If a candidate key consists of more than one attribute it is called Composite Key.
✓ Primary Key: the candidate key that is selected to identify tuples uniquely within the relation.
The entire set of attributes in a relation can be considered as a primary case in a worst case.
✓ Foreign Key: an attribute, or set of attributes, within one relation that matches the candidate
key of some relation.
A foreign key is a link between different relations to create the view or the unnamed relation
4.3. Relational Views
Relations are perceived as a Table from the users’ perspective. Actually, there are two kinds of
relation in relational database. The two categories or tyapes of Relations are Named and Unnamed
Relations. The basic difference is on how the relation is created, used and updated:
Base Relation
A Named Relation corresponding to an entity in the conceptual schema, whose tuples are
physically stored in the database.
View (Unnamed Relation)
A View is the dynamic result of one or more relational operations operating on the base
relations to produce another virtual relation that does not actually exist as presented. So a view
is virtually derived relation that does not necessarily exist in the database but can be produced
upon request by a particular user at the time of request. The virtual table or relation can be
created from single or different relations by extracting some attributes and records with or
without conditions.
Purpose of a view
➢ Hides unnecessary information from users: since only part of the base relation (Some collection
of attributes, not necessarily all) are to be included in the virtual table.

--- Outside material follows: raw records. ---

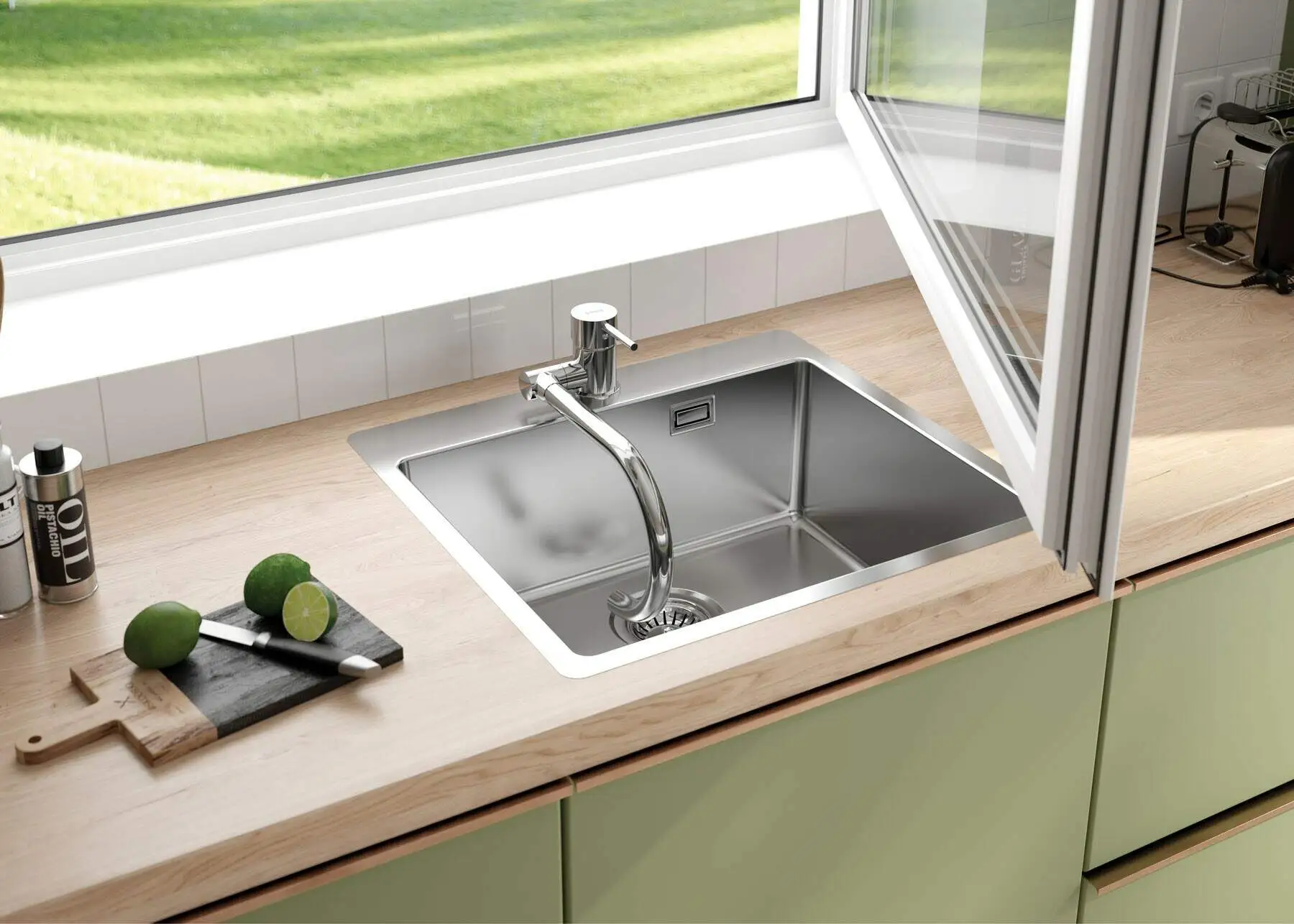Високоміцна нержавіюча сталь. Мийка із сифоном для підключення до посудомийної машини. Природні антисептичні властивості стали. Спеціальний засіб, безпечний для поверхонь, що очищаються. Компактний сифон Space-saver дозволяє обмежити місце під мийкою. Винятково простора і глибока чаша вміщує навіть деко, витягнуте з духовки.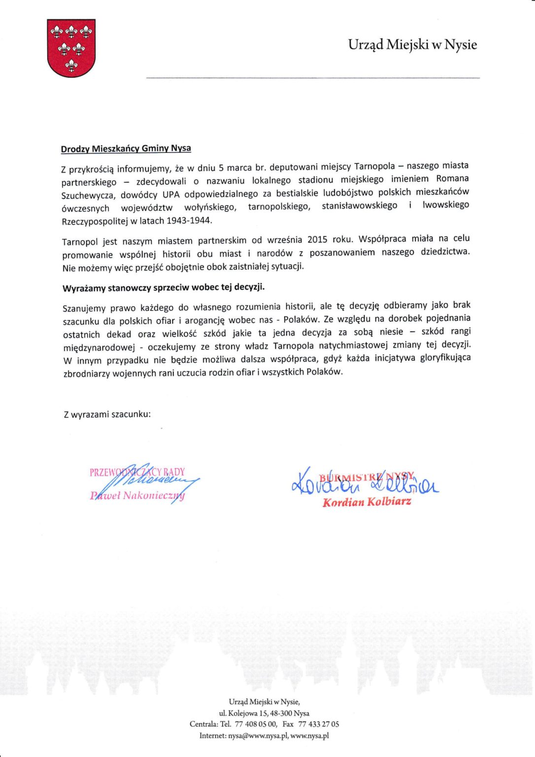 Przypomnijmy, że deputowani miejscy Tarnopola 5 marca zdecydowali o nazwanie stadionu miejskiego imieniem Romana Szuchewycza – dowódcy UPA, który był odpowiedzialny m.in. za ludobójstwo Polaków na Wołyniu. Nas mieszkańców Nysy bardzo zabolało to co wydarzyło się w Tarnopolu, dlatego że większość z nas pochodzi z Kresów. Moja rodzina również cierpiała z powodu decyzji Romana Szuchewycza – mówi burmistrz Kordian Kolbiarz.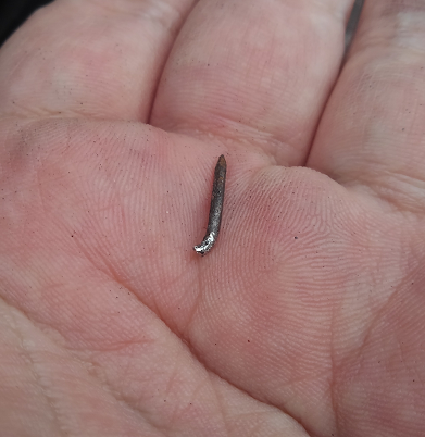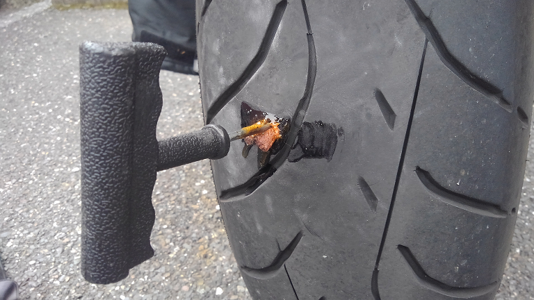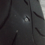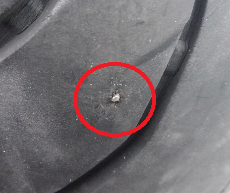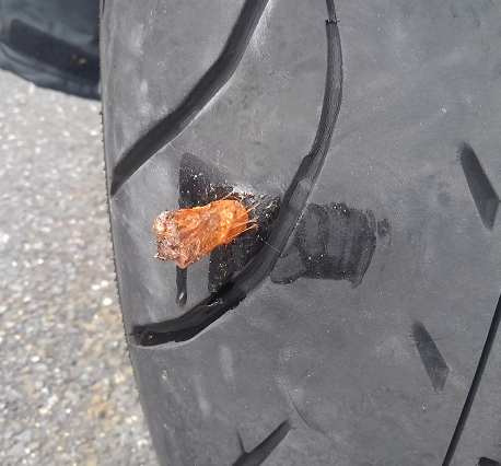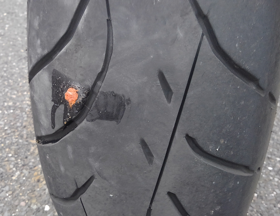 この細さの釘のパンクって、パンク修理が大変なんだよねぇ。穴が小さすぎて修理用の下穴を作るのが大変なんです。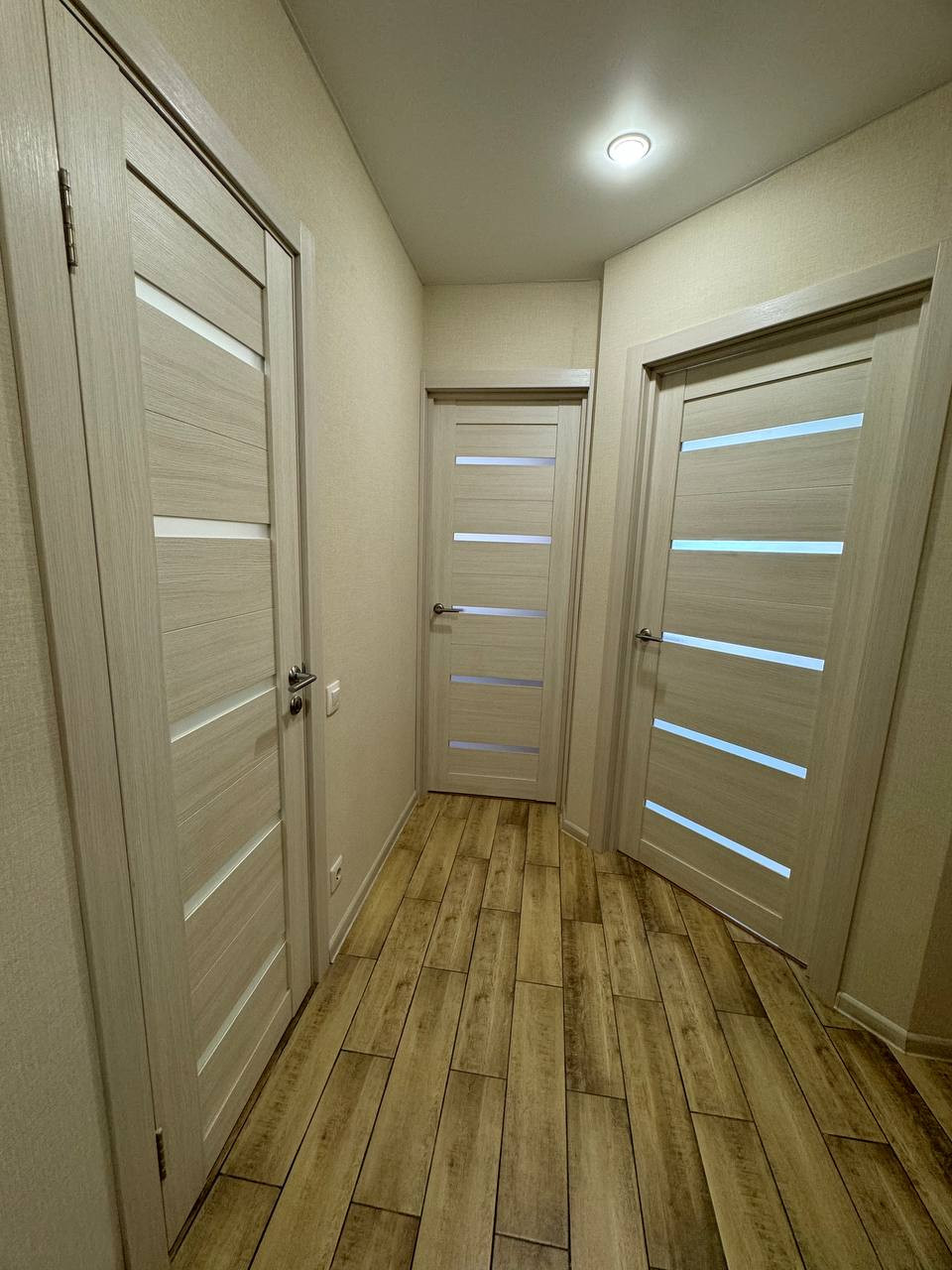 В прихожей, ванной и на кухне- теплый пол.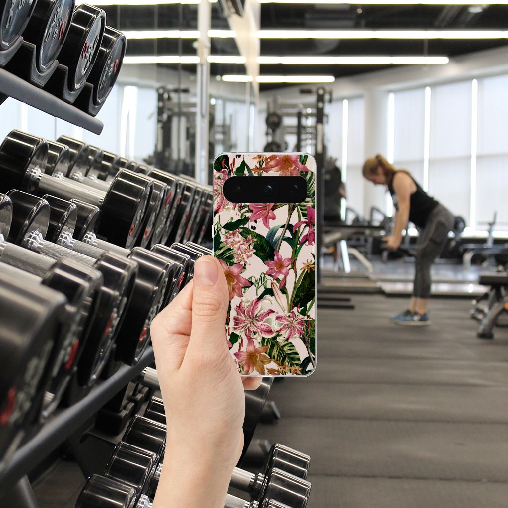 Dit Flowers design is een zegen voor de mens en zijn smartphone. De paarswitte bloemen en groene bladeren op deze Google Pixel 8 Pro TPU Case geven jouw smartphone een zeer sierlijke uitstraling. Je wordt er ook meteen vrolijker van als je aan het appen, mailen of aan het bellen bent. Valt dan je telefoon op de grond, dan zal er dankzij de tpu case met paarswitte bloemen en groene bladeren geen schade ontstaan. Helemaal niet als je er een screenprotector bij hebt gekocht. Onze tpu cases met paarswitte bloemen en groene bladeren zien er zeer prettig uit en zijn heel praktisch, getuige onder meer de opstaande randen en het flexibele materiaal. Alleen de achterkant van de tpu case wordt bedrukt met paarswitte bloemen en groene bladeren, de randen blijven transparant. Op deze tpu case kun je trouwens ook in no time zelf foto’s van jouw favoriete bloemen zetten.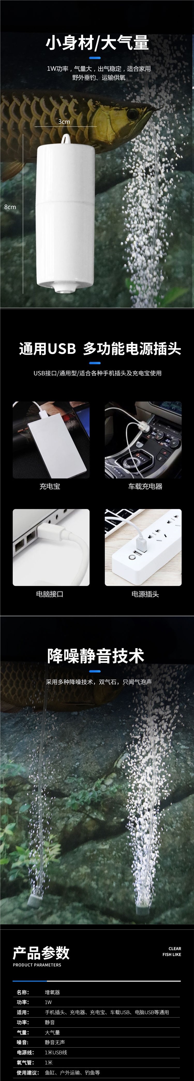• 작은 공기량은 가정용 소형 어항에 적합합니다.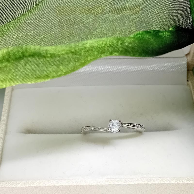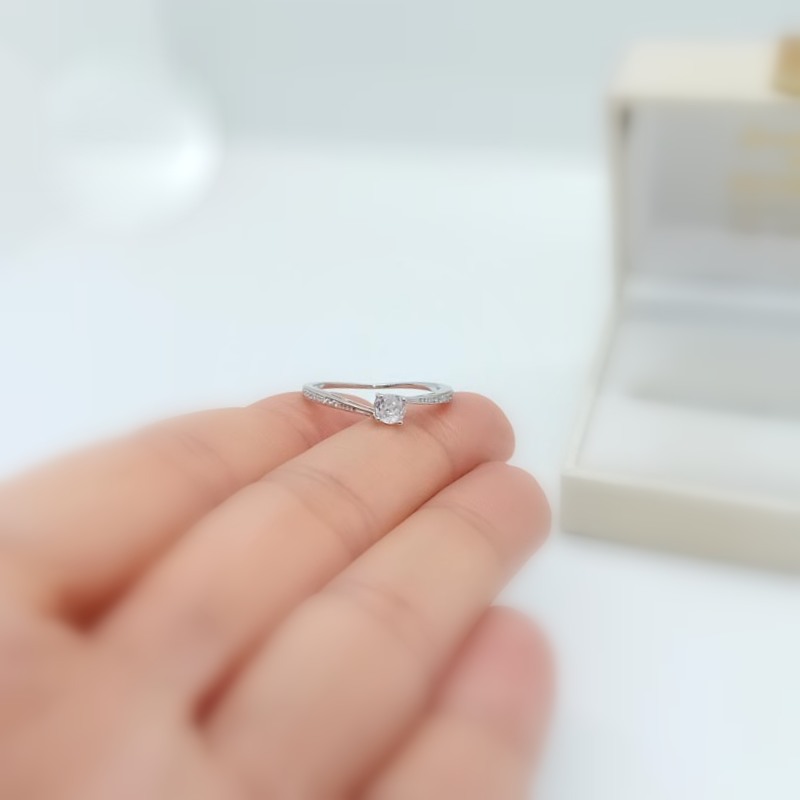 ΑΣΗΜΕΝΙΟ ΔΑΧΤΥΛΙΔΙ ασήμι 925, μονόπετρο, με κεντρικό λευκό ζιργκόν και ανισόπεδη γάμπαδιακοσμημένη με διακριτικά λευκά ζιργκονάκια.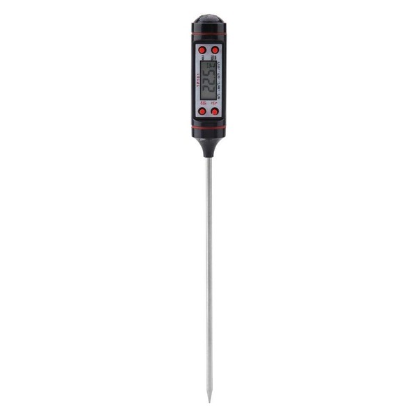 Stainless steel probe with rapid temperature measurement function, high accuracy and you can know the food temperature quickly.  LCD screen display the measurement result, easy to read. You can use it to test meats, jams, and bakes while making sure you have the perfect deep fryer temperature. Easy to use, just put the probe on the object you want to measure and get an accurate reading in seconds. The probe is packaged in a convenient transparent plastic tube with a hanging rope for easy storage. Suitable for BBQ use, measure temperature of baby milk, measure bath temperature and all temperature measuring.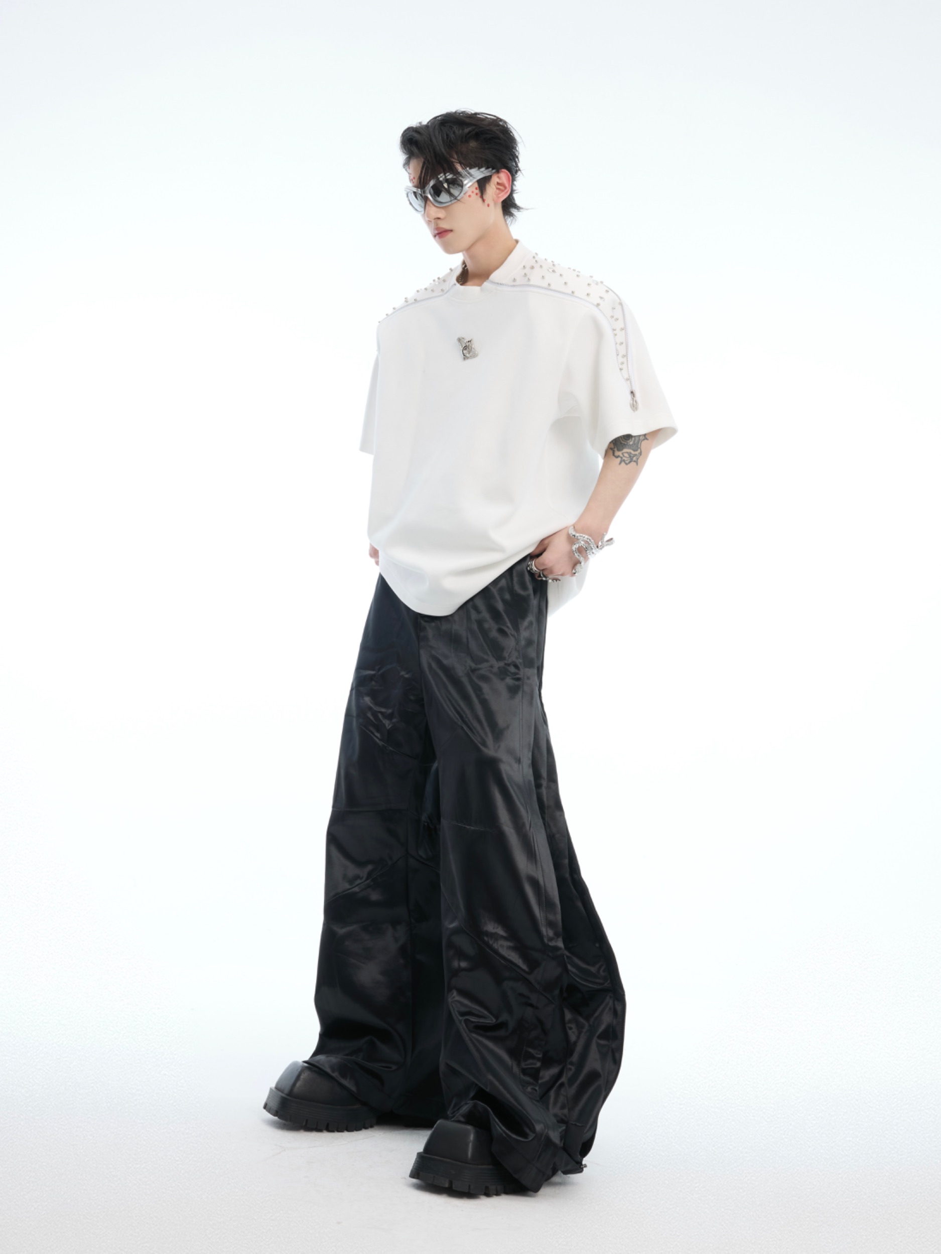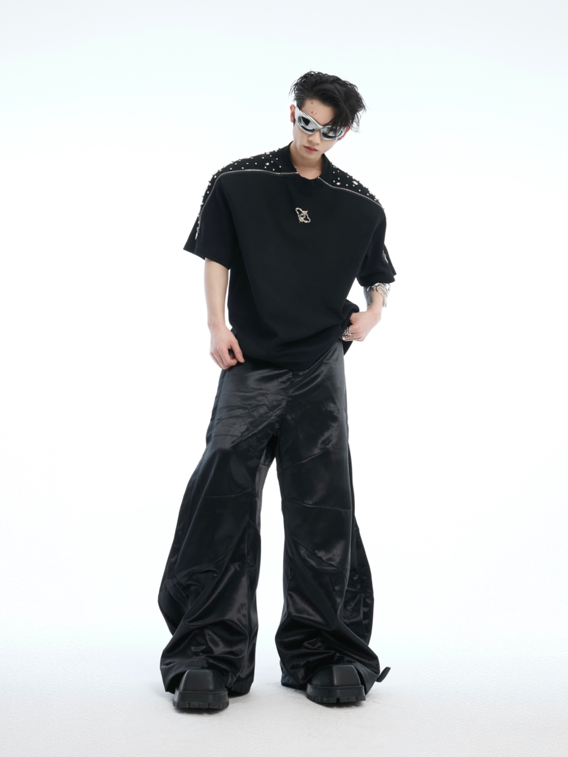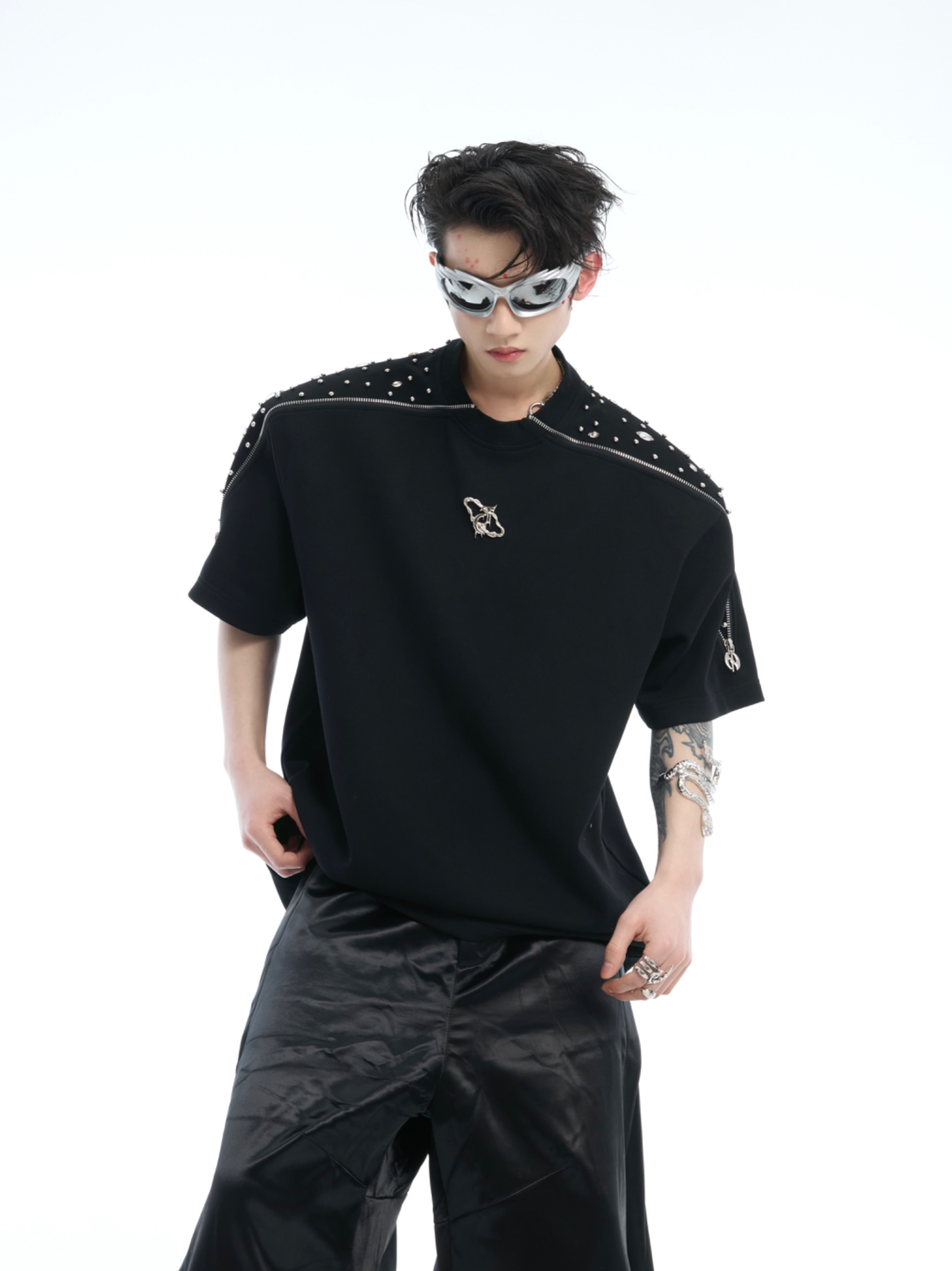 Niche Exquisite Rhinestone Metal Zipper Design Short Sleeve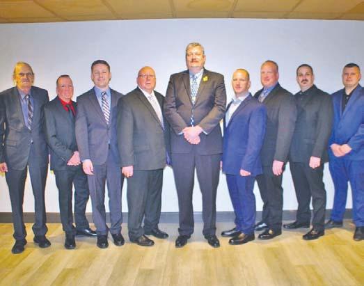 The Brighton VolunteerFire Company, located in Tonawanda, was proud to award President and past-Chief, Shawn Tracey (second from the left) with the 2023 Chief’s Award at the annual installation of officers dinneron January 27, 2024. In March 2023, Shawn’s uncle was in desperate need of a livertransplant. Shawn immediately started preparing fororgan donation and soon donated 70 percent of his liver. Shawn’s selfless act saved his uncle’s life. In addition to ourown award, Shawn was also given the Fire Service Award forhis 40 years of service by the Erie County VolunteerFirefighters Association. Pictured, from left, are his brother, past-Chief Chris, Shawn, and Shawn’s two sons, Shamus and Evan. All are active members of the fire company.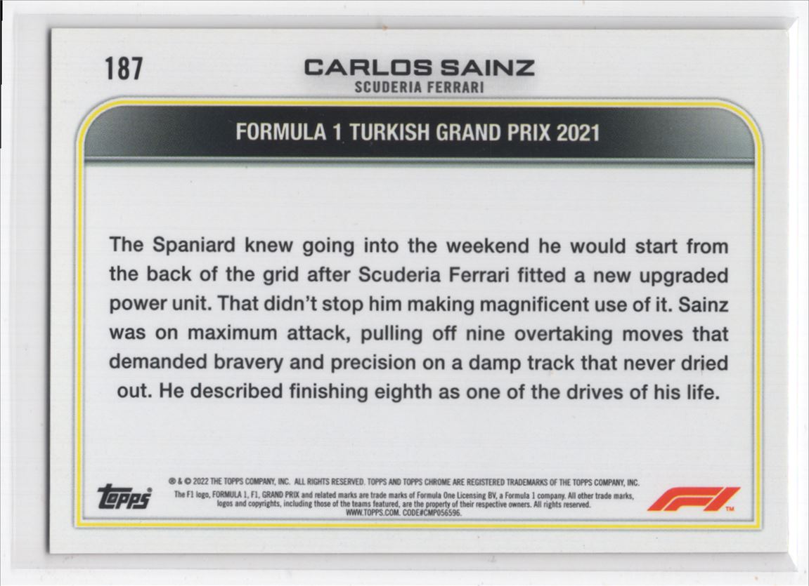 #187 2022 Topps Chrome F1 Carlos Sainz Scuderia Ferrari
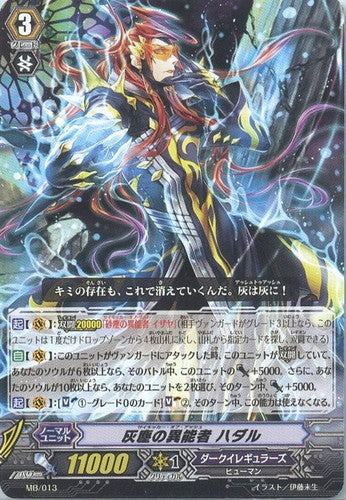 【起】【(V)】:【双闘20000】「砂塵の異能者 イザヤ」(相手ヴァンガードがグレード3以上なら、このユニットは1度だけドロップゾーンから4枚山札に戻し、山札から指定カードを探し、双闘できる)【自】【(V)】:このユニットがヴァンガードにアタックした時、このユニットが【双闘】していて、あなたのソウルが6枚以上なら、そのバトル中、このユニットのパワー+5000。さらに、あなたのソウルが10枚以上なら、あなたのユニットを2枚選び、そのターン中、パワー+5000。【起】【(V)】:[【ソウルブラスト】(1)-グレード0のカード]【ソウルチャージ】(2)。そのターン中、この能力は使えなくなる。

➢ Provide powerful flexibility and security: since unnecessary information will be hidden from
the user there will be some sort of data security.
➢ Provide customized view of the database for users: each user is going to be interfaced with their
own preferred data set and format by making use of the Views.
➢ A view of one base relation can be updated.
➢ Update on views derived from various relations is not allowed since it may violate the integrity
of the database.
➢ Update on view with aggregation and summary is not allowed. Since aggregation and summary
results are computed from a base relation and does not exist actually.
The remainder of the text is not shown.